Who Should you Trust for Retirement Advice?
Planning for retirement is a complicated process that is often years in the making. With so many things to consider, no one should go it alone; however, many people are hesitant to seek advice because they are not sure who they can trust. How you determine who to trust will depend on a number of factors that we are more than eager to discuss with you.
A Certified Financial Planner (CFP®) is someone who meets the standards set forth by the Certified Financial Planner Board of Standards (CFP® Board). Only those who meet the requirements for education, experience, and ethics are allowed to sit for this organization’s certifying exam, which tests an applicant’s ability to apply knowledge to real-life financial planning scenarios. As such, someone with CFP® credentials has a well-rounded knowledge that can be used to customize a retirement planning program that will better suit your needs.
CFP Board of Standards
Once you have identified CFP®s in your area, your next move should be to contact the CFP® Board of Standards. This will help you verify certification and determine if there have been any complaints against a particular individual.

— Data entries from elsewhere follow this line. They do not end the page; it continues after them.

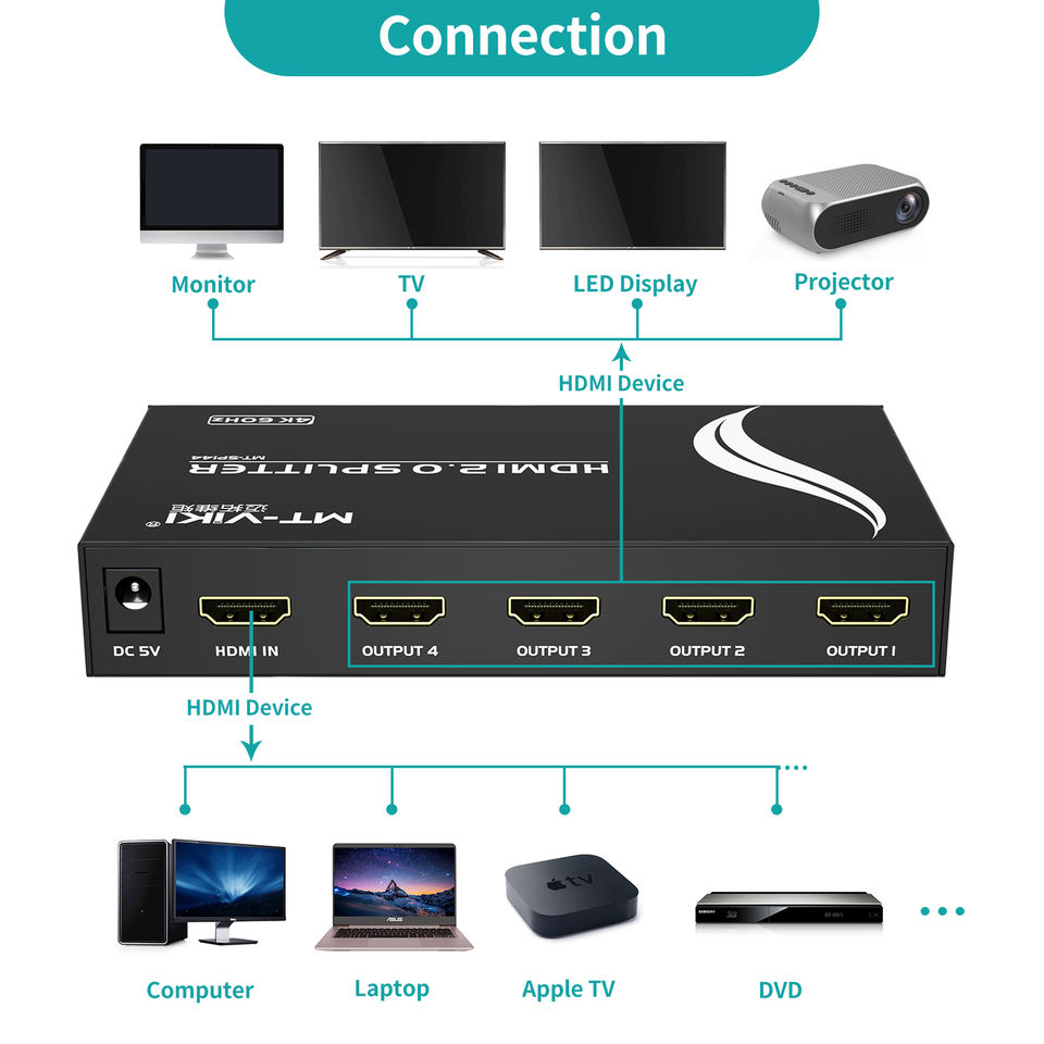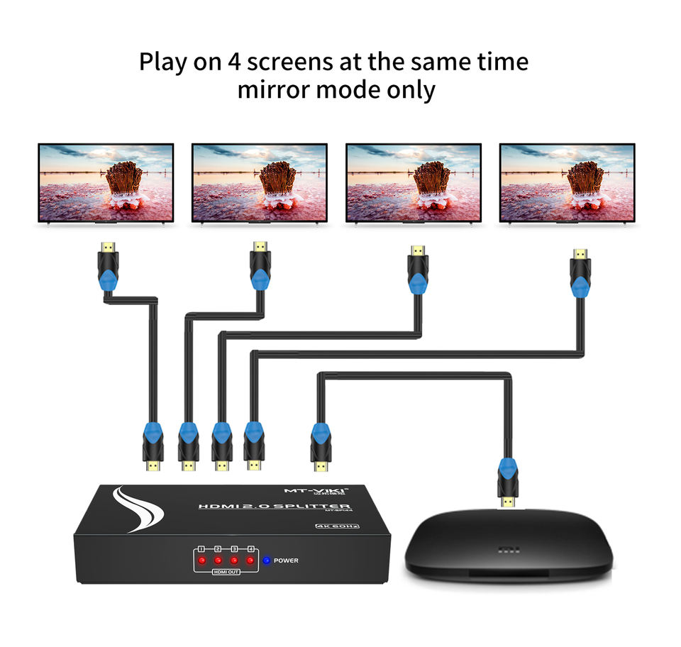 4K 60Hz HDMI splitter 1 ใน 4 ออก, MT-VIKI 1x4 1 คอมพิวเตอร์ 4 จอภาพ + อะแดปเตอร์ไฟ HDMI splitter 1x4
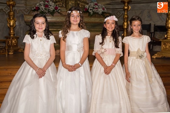 Con mucha alegría y rodeadas del cariño de sus familiares, cuatro niñas de Babilafuente han celebrado este sábado su primera comunión en la iglesia de San Benito. Al finalizar la ceremonia, mientras recibían las felicitaciones, han posado para las fotografías que han inmortalizado uno de los días más especiales de sus vidas.
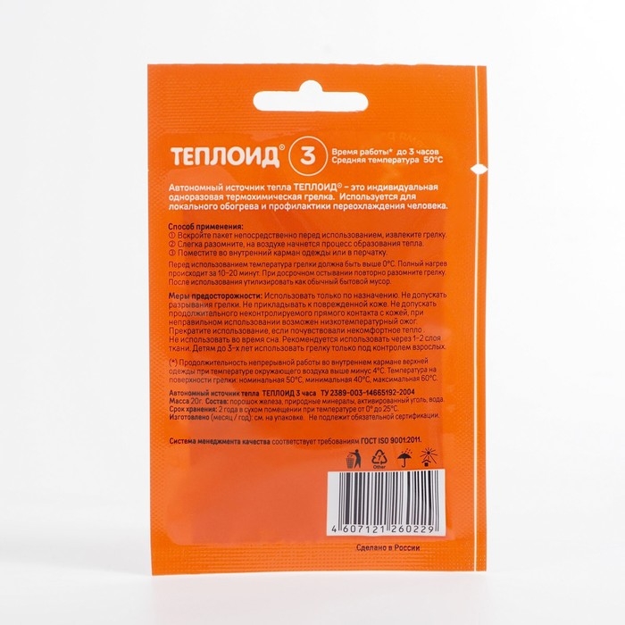 Автономный источник тепла "Теплоид" - это одноразовая грелка, которая не нуждается в электричестве или топливе, генерируя тепло автономно. Обычно его размещают во внутренних карманах одежды, в рукавицах, обуви.
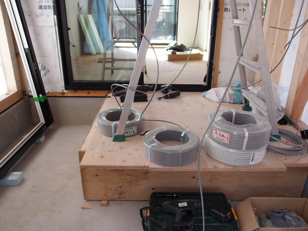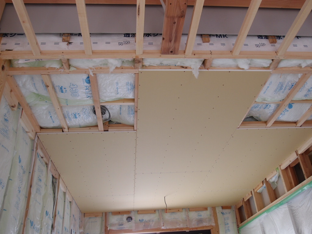 断熱材を敷き詰め、構造用合板を張っている様子です。
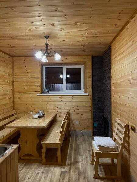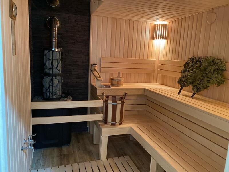 К вашим услугам общая кухня на цокольном этаже, оборудованная необходимой техникой, бесплатный Wi-Fi и парковка. Для комфортного отдыха: баня (за дополнительную плату), зона для пикника и барбекю. Также предлагаются трансфер, услуги прачечной и глажки.
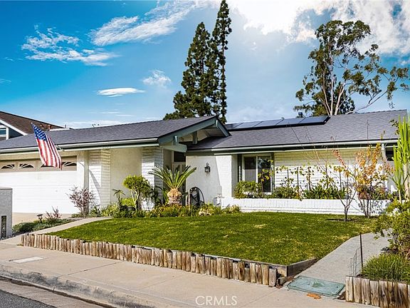 Beautiful view home on quiet Anaheim Hills street in the Broadmoor Northridge neighborhood - and just steps from the community pool/spa so you can easily enjoy the occasional dip without the ongoing pool maintenance! The spacious and light-filled single story home is move-in ready! Home was one of the former models for the tract and has a large view lot, with a side yard with low-maintenance synthetic turf! Enter via a large enclosed Eichler-like atrium that's configured for additional storage and private outdoor space, while providing a covered path to the 2-car garage. Stunning living room has vaulted ceilings, a gas-burning fireplace, and a fantastic view of the back yard, trees, and surrounding foothills -- as do the kitchen, formal dining area, and in-kitchen dining area, too! Kitchen opens to spacious family room with white real-wood-paneled walls with surround sound built into the ceiling. Newer roof (June 2022) with paid-for-solar panels ($10/month electric bill, anyone?), dual pane windows/sliding doors, and a newer water heater, too! This home has the perfect floor plan for entertaining with great circulation flow between the Kitchen/Family Room, both outdoor areas, and the Living and Dining rooms - plenty of places to gather and mingle! Master bedroom has dual entry doors, vaulted ceilings, direct access to the atrium; The adjacent master bath features dual copper sinks, and a private ceiling-mounted rain-shower! Ceiling fans in most rooms as well! In addition to the updated electrical panels for the solar installation, there is also a 10-circuit transfer switch installed in the event of an extended power outage at night. If you've been looking for a forever view home, with plenty of amenities nearby, this is your opportunity! Call your Realtor today to schedule a showing!

Interviewing Potential CFP®s
After identifying qualified retirement planners, your next move should be to set up interviews with a few of them. This has a two-fold purpose: allowing you to assess one’s qualifications and determining who you are best able to connect with. The latter is very important, as you will need to establish trust and cannot easily do so if you are unable to communicate freely. Some important questions to ask during an initial interview are:
- How much experience do you have with retirement planning? Remember that CFP®s do more than just help people save for retirement, which is why finding someone who specializes in retirement planning is so important.

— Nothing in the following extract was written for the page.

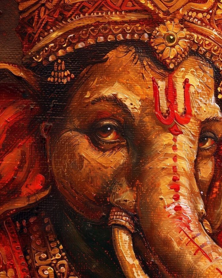 A sense of profound peace emanates from this stunning close-up of Lord Ganesha. Look into his eyes, and you can almost feel the wisdom of ages! The artist’s use of warm oranges and golds brings out the divine *shakti* within the beloved Vighnaharta. May his blessings always be with you and your family, bringing *darshan* into your everyday life. 🕉️✨🙏
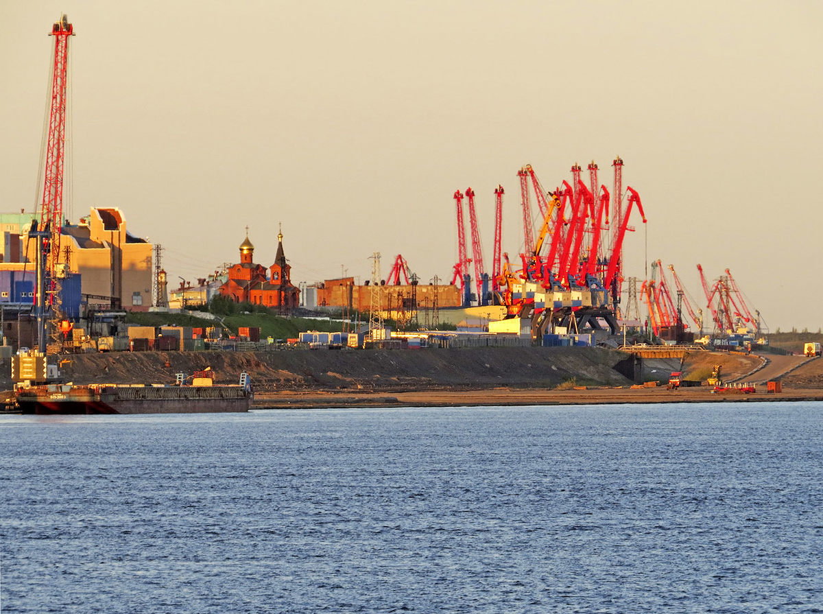 Дудинка стоит на Енисее, но её порт вполне морской, хотя и с грузооборотом около 4 миллионов тонн совсем небольшой в масштабах России, и даже на Ледовитом океане уступает в разы Мурманску и Сабетте. 3/4 его оборота приходится на летнюю навигацию, но специально строившиеся под здешние условия "Арктические экспрессы" (кадр ниже) "Норникеля" и атомные ледоколы "Таймыр" и "Вайгач" с караванами судов появляются тут и зимой. Для товаров народного потребления порт Дудинки скорее речной - их везут по Енисею. Морские суда же, за редчайшим исключением, курсируют в Мурманск - ведь из Талнаха через Норильск производственные цепочки ведут в Мончегорск. Более того, "Норильский Никель" понемногу становится "Кольским Никелем": судоходство на СевМорПути отлажено так, что хозяевам выгоднее возить с Таймыра необогащённую (то есть - более объёмную и тяжёлую) руду, чем обогащать её на месте. А оборудование можно доставлять и напрямую из Китая - порт Дудинки международный с 2012 года, когда на умирающей Иг

- What is your typical client like? A CFP® may not be a good fit if he or she regularly sees people above or below your income level.

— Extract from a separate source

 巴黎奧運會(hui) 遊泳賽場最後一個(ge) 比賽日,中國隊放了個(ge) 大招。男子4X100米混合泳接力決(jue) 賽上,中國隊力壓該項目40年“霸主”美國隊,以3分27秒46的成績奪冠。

- What are your fees and what are they based on? CFP®s may charge a flat rate, annual retainer, or earn a commission on any of the products they sell. There are advantages and disadvantages to each method of payment, so it is important you know what you are getting into ahead of time.
- How often do you see your clients? Depending on how comfortable you are with retirement planning, you may wish to see your CFP® more often, and will need to make sure that person is available.
Finally, don’t forget to ask for the names of two or three references. Ideally, these should be people with approximately the same income, lifestyle, and retirement goals as you if possible.
Finding a trustworthy retirement planner is something that requires a great deal of thought and effort. With so much at stake, you can never be too cautious or ask too many questions. Your hard work will be rewarded not only with a greater return on your investment, but also by your enhanced peace of mind.